- [Data supplied]:
---+---

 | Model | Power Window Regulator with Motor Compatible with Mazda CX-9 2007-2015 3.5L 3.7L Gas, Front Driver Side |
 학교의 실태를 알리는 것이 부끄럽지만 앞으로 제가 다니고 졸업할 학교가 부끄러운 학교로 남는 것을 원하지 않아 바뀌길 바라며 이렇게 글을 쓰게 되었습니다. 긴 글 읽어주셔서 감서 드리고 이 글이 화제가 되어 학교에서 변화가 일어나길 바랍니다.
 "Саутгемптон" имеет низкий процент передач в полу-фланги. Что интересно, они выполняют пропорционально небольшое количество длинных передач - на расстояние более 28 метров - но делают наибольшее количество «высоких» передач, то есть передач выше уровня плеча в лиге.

---+---

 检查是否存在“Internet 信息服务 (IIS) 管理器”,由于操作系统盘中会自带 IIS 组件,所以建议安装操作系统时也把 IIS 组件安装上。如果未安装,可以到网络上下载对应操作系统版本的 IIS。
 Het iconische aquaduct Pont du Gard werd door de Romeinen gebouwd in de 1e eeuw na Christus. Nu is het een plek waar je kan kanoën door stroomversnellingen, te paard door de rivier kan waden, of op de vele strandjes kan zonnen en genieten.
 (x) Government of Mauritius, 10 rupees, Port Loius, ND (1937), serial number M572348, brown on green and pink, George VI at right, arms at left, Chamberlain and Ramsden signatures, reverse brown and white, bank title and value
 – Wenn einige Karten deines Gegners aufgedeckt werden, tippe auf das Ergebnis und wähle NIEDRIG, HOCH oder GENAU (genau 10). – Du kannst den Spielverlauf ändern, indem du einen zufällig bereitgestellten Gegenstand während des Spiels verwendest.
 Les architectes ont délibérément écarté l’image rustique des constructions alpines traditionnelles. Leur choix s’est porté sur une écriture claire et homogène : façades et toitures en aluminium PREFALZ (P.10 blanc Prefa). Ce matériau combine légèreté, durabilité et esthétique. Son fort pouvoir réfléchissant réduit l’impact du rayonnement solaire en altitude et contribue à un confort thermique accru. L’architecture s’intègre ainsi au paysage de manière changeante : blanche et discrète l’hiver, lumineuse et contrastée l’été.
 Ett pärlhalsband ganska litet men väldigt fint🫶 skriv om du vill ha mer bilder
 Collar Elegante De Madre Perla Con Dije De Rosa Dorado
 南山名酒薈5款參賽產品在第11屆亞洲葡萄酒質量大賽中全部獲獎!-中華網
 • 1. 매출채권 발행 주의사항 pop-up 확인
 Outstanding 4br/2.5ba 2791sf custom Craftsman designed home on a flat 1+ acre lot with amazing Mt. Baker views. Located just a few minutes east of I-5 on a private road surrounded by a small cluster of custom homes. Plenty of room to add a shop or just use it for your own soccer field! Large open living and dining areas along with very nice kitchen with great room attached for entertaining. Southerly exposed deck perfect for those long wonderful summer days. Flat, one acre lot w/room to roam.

---+---

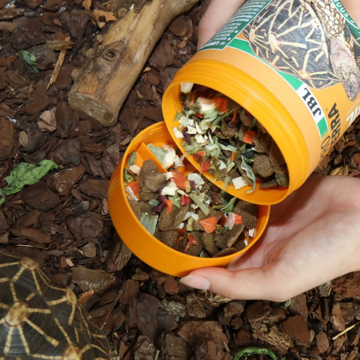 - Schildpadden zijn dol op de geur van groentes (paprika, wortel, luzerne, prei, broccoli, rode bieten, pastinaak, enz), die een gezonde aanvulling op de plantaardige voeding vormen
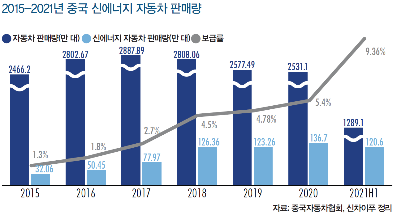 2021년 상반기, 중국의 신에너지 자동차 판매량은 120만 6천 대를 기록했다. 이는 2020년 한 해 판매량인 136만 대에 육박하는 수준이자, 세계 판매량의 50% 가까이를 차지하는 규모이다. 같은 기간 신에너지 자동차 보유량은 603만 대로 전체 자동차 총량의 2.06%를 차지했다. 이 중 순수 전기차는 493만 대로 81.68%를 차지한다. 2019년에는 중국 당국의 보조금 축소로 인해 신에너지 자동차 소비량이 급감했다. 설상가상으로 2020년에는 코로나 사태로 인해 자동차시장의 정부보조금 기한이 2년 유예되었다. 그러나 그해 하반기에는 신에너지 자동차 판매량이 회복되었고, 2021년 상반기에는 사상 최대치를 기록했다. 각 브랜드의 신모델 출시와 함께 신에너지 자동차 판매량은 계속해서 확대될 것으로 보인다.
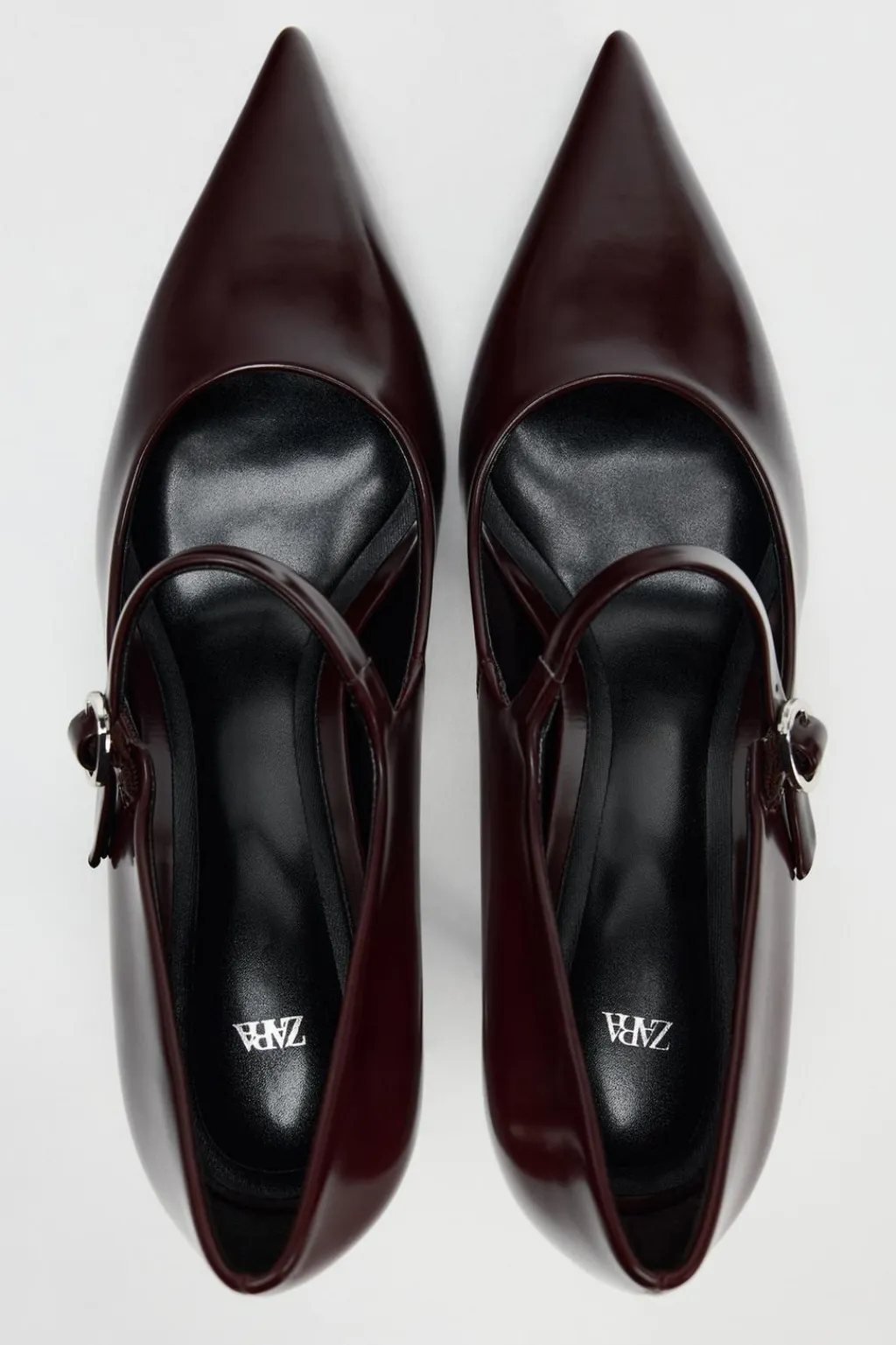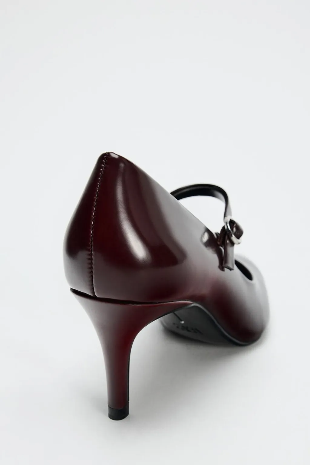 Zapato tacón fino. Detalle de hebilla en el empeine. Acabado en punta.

---+---

- [Work required]: Look above for the line with "주의사항 pop-up 확인" and the line with "Outstanding 4br/2.5ba 2791sf". Retype those two lines and every line between them exactly, adding nothing.

- [Task answer]:
 • 1. 매출채권 발행 주의사항 pop-up 확인
 Outstanding 4br/2.5ba 2791sf custom Craftsman designed home on a flat 1+ acre lot with amazing Mt. Baker views. Located just a few minutes east of I-5 on a private road surrounded by a small cluster of custom homes. Plenty of room to add a shop or just use it for your own soccer field! Large open living and dining areas along with very nice kitchen with great room attached for entertaining. Southerly exposed deck perfect for those long wonderful summer days. Flat, one acre lot w/room to roam.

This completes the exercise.